So ­verschieden ihre Techniken, so unterschiedlich sind auch ihre Beweggründe, sich mit diesem Motiv auseinanderzusetzen. Zahllose Spaziergänge und Wan­derungen führen Gabioud durch die Walliser Berge und Wälder. Mit Kohle und selbst gesuchten Erden versucht er dabei ganz bescheiden die raue Schönheit der Natur einzufangen. Häne dagegen lässt aus Holzfaserwerkstoff offene und geschlos­sene Boxen bauen und bearbeitet diese mit Schnitzmessern. Es löst feine und feinste Linien und Flächen aus den glatten Oberflächen heraus, sodass das Ergebnis auf den ersten Blick aussieht wie der Druckstock für einen Holzschnitt.

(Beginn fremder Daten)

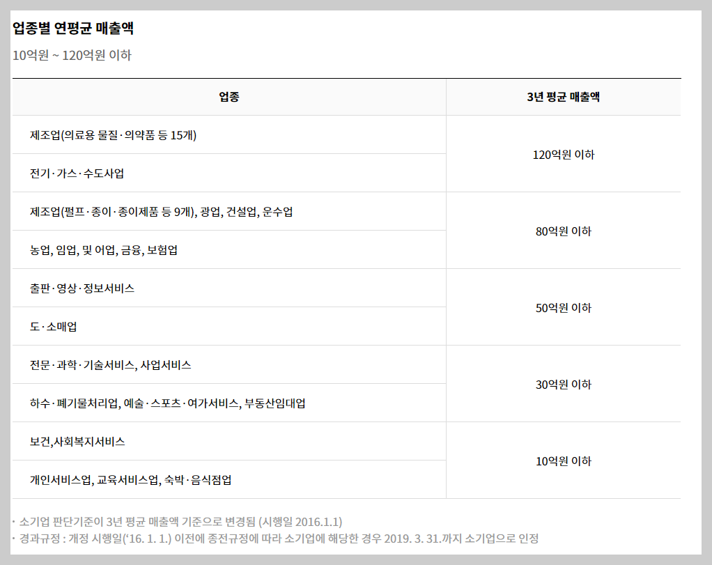 • 소상공인 요건(상시종업원 수) : 10명 미만(광업•제조업•건설업•운수업)/ 5명 미만(그 밖의 업종)

Die Bilder, die so entstehen, orientieren sich zwar am Sujet, wollen aber nicht primär realistisch abbilden, sondern auch jenes Unsichtbare vermitteln, das der Künstler «Körpergefühl» nennt. Die Nähe zur ­Natur wiederum wird von Studinka entschlossen gewahrt, sind doch seine Serien von subtilen Kohlezeichnungen direkt vor Bäumen oder Büschen entstanden. – Zur Vernissage am 25. Oktober von 17 bis 20 Uhr findet eine Präsentation von Gian Hänes bibliophilem Buch «Wei wu wei» statt (Verlag Edescha Art). Die Ausstellung ist auch am Openhouse Weekend der Zürcher Galerien am 27. und 28. ­Oktober geöffnet. (ba)

Gemeindestrasse 4, Zürich; 25.10. bis 24.11.2012.